Сначала Лёва хотел последовательно перечислить все его действия: попросил ключи, не закрыл дверь, кинул под ноги резинку… Но, набрав в грудь воздуха, тут же выдохся: у него не было сил всё это припоминать.
Он просто сказал:
- Сделал мне больно. Зачем?
- Я не хотел.
- Хотел.
- У тебя паранойя.
- Да что ты?
- Да, - и снова тонкие губы скривились в усмешку.
Лёве захотелось их разбить. И, чтобы не сделать этого, он взбежал вверх по лестнице, бросив мимоходом:
- Да пошёл ты.
Лёва и Шева [9-10]
Теперь он натыкался на них постоянно.
Шева приводил её в подвал, Шева сидел с ней допоздна у подъезда, Шева постоянно говорил о своей Кате. И не что-нибудь нормальное говорил, а обязательно глупое и примитивное: «Люблю мять её за сиськи» или «Вчера её родителей не было дома, и мы трахались восемь раз за ночь». Ляпнет что-нибудь в этом роде, а потом выжидательно смотрит на Лёву – как тот отреагирует?
Лёва хмыкал и отворачивался. Иногда едко шутил:
- Восемь раз за ночь – это по три минуты?
- По три часа! – огрызался Шева.
- Если восемь раз по три часа, то получится, что вы трахались двадцать четыре часа, а это не…
- Господи, заткнись! – раздраженно перебивал Шева. – Что ты придираешься?
Грифель, выслушав одну такую перепалку, загоготал:
- Может, Лёва хотел быть на её месте?
Шева скривил губы в ухмылке и многозначительно посмотрел на Лёву: мол, конечно хотел, и я это знаю. Но тот искренне рассмеялся: по мнению Лёвы, место у Кати было отнюдь незавидное.
- На её месте – это где? – уточнил он, отсмеявшись. – На грязном диване, который вы притащили с мусорки? Боже упаси.
- Мы ж не только там, - пробубнил Шева.
- И диван нормальный, - обиженно вставил Грифель, который как раз на нём возлежал.
Как бы то ни было, Катя провела между ними невидимую черту.
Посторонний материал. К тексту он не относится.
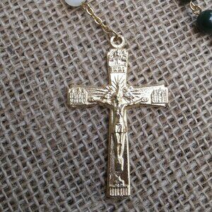 Handmade rosary with goldtone crucifix. The decades are made with 8 mm dark green aqua aura resin beads, and the "Our Fathers" are 8 mm white aqua aura resin beads. Wire and chain used are goldtone. The centerpiece is gold pewter Mary, made in Italy. Crucifix is gold pewter. Centerpiece is 3/4 inch high. Cross is 2 inches high. For women or men. Great for anyone who likes artistic rosaries. New item from my local shop.

Разделила их дружбу на «до» и «после». Раньше Лёва думал, что их дружбу разделили чувства, запретное влечение, неправильные мысли, но даже с их появлением они ещё умудрялись оставаться друзьями. Теперь же всё рушилось на глазах: Шева будто бы специально водил её мимо Лёвы, специально раздражал его этой Катей.
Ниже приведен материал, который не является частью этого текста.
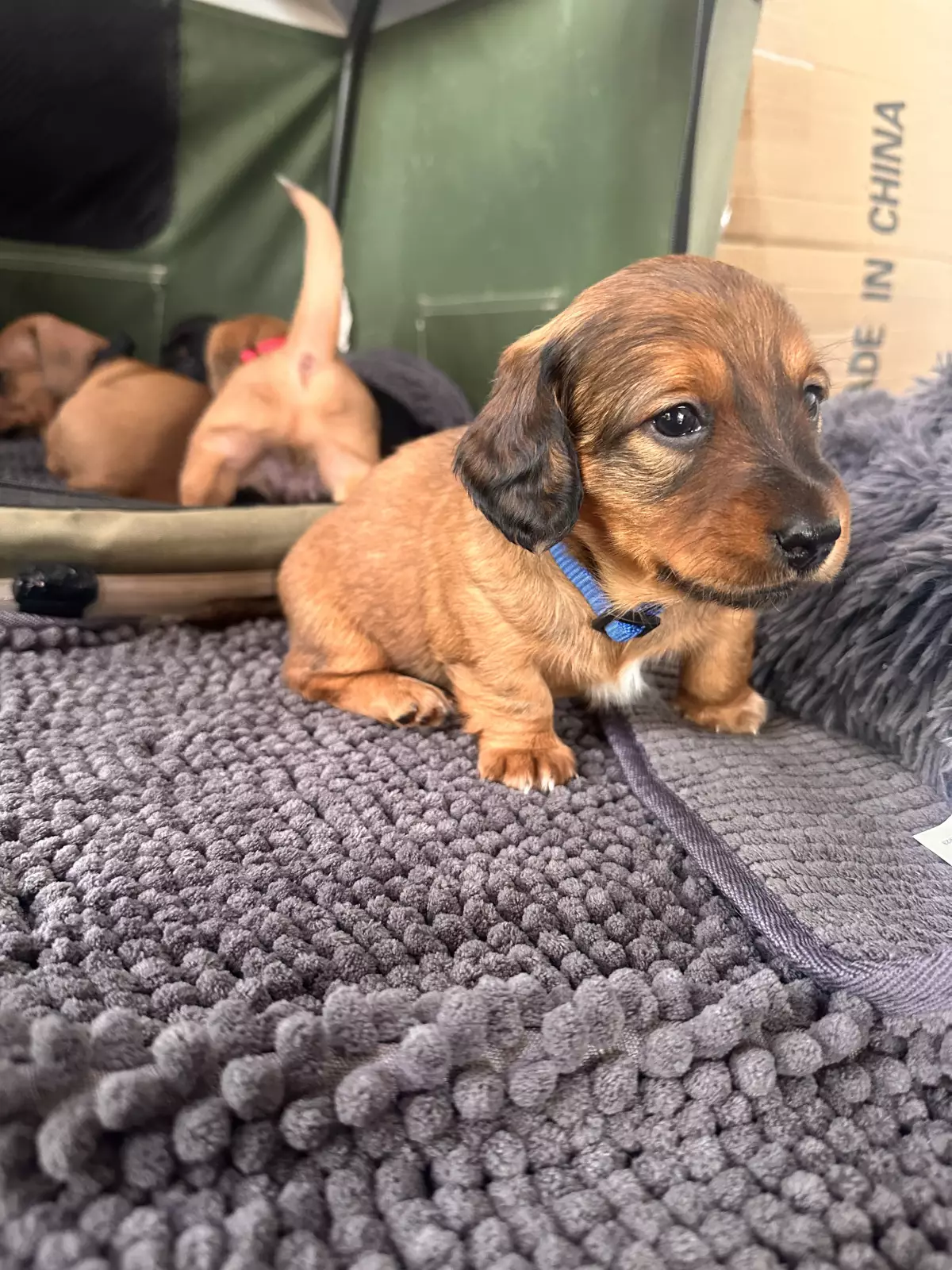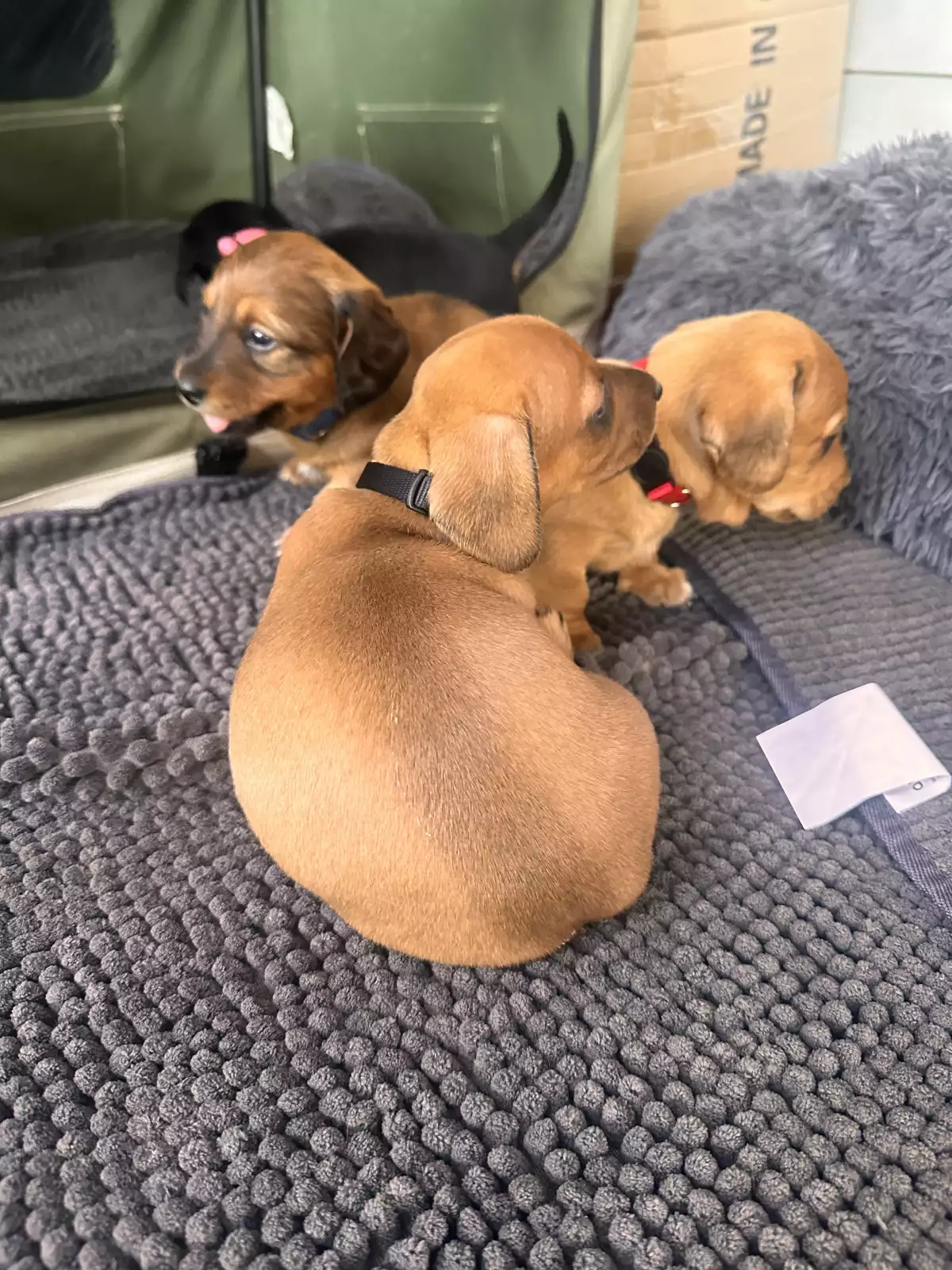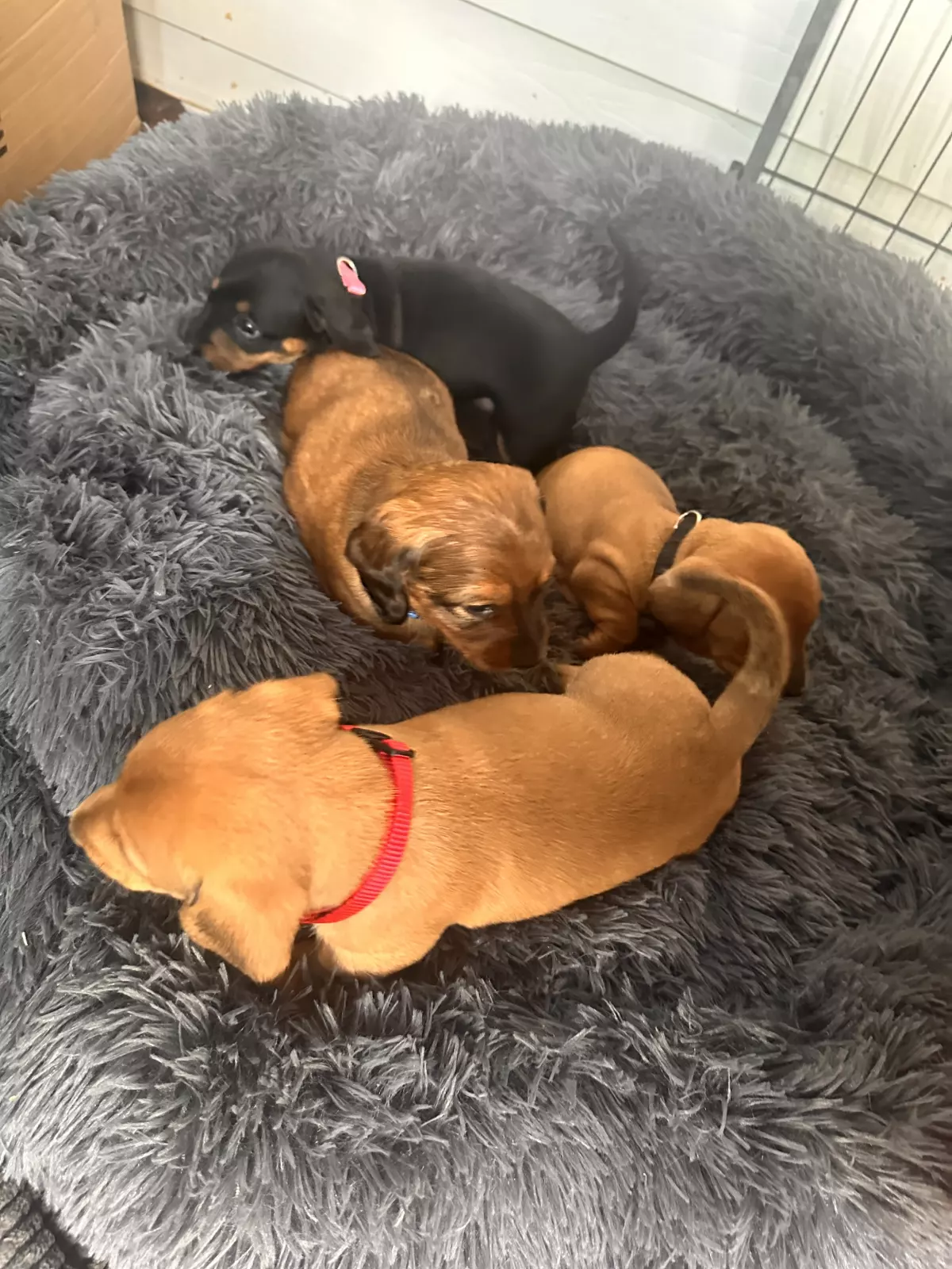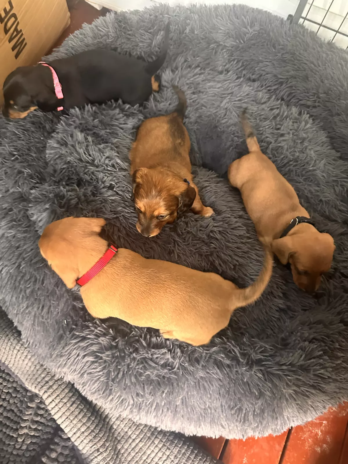 One of the puppies is a long haired Dachshund and the rest are short hair Dachshunds.
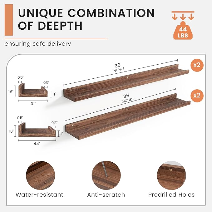 - 【Easy to Install】FLYJOE picture ledge shelves are quick and easy to install! Each set comes with pre-drilled holes and all necessary hardware, including a mini level for perfect alignment. With simple instructions, you can have your shelves up in minutes, allowing you to start decorating right away

Лёва долго терпел, пока Шева не перешёл все границы. Не то чтобы он сделал что-то ужасное, уж точно не переплюнул свою выходку с подвалом и презервативом, но чаша, так сказать, переполнилась.
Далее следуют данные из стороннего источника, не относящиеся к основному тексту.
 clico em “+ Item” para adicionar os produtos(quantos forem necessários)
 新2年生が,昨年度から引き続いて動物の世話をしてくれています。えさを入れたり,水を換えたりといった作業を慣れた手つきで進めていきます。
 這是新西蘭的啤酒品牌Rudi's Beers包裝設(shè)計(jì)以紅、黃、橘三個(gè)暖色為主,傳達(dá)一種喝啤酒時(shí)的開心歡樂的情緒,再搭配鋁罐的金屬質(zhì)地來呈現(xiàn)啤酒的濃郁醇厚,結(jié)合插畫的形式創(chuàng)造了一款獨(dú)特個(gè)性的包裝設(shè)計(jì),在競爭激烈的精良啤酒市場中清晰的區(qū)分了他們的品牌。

Он позвал Лёву на «Людей в черном» – второго июля фильм начинали крутить в кинотеатрах. Лёва ждал этого дня, как в детстве ждал подарков на Новый год – с трепетным замиранием в сердце и ещё, конечно, с большой-большой надеждой, что теперь всё будет как раньше. Может, ему ничего и не светит, может, они никогда не будут вместе так, как он хочет, но он был бы счастлив вернуть хотя бы их дружбу.
На подходе к кинотеатру настроение у Лёвы испортилось: Шева пришел не один. Он стоял, прислонившись к массивной колонне старого здания, а рядом с ним – Катя. Шевина рука лежала у неё на плече – не обнимала, а именно лежала, будто он облокотился на девчонку от усталости.
Лёва вдруг понял, что совсем не злится, что ему почему-то даже жалко её. Он как будто на секунду увидел Шеву таким, какой он есть: тощий, поношенный, с трясущимися пальцами. Землистый цвет лица. Мешки под глазами. Запах клея при первом же приближении. Лёва ощутил с Катей почти родственную близость, ему захотелось сказать ей: «Может, ну его нахер и сходим в кино вдвоём?».
У подножия колонны лежал Шевин рюкзак, из него торчала перемотанная белой изолентой рукоятка биты. Подойдя к ребятам, Лёва кивнул на рюкзак:
- Зачем бита?
- Да так, стрелка одна, - отмахнулся Шева.
- Где? Какая?
- Тут рядом. Есть один любитель прогуливаться мимо кинотеатра.
С нагленькой ухмылкой Шева поднял рюкзак с земли и перекинул через плечо. Они с Катей направились к входу, а Лёва от растерянности не сразу и сообразил, что делать. Нагнав их, запоздало проговорил:
- Кама же запретил его трогать.
- А какое нам дело до Камы?
- Он ваш… начальник, капитан и всё такое.
Шева усмехнулся:
- Это у тебя там… начальники, капитаны и всё такое. А мы чё хотим, то и делаем.
У Лёвы скулы свело от злости, но он не стал ничего отвечать. Подумал: пусть Власовский сам себя спасает. Нарывается же он сам.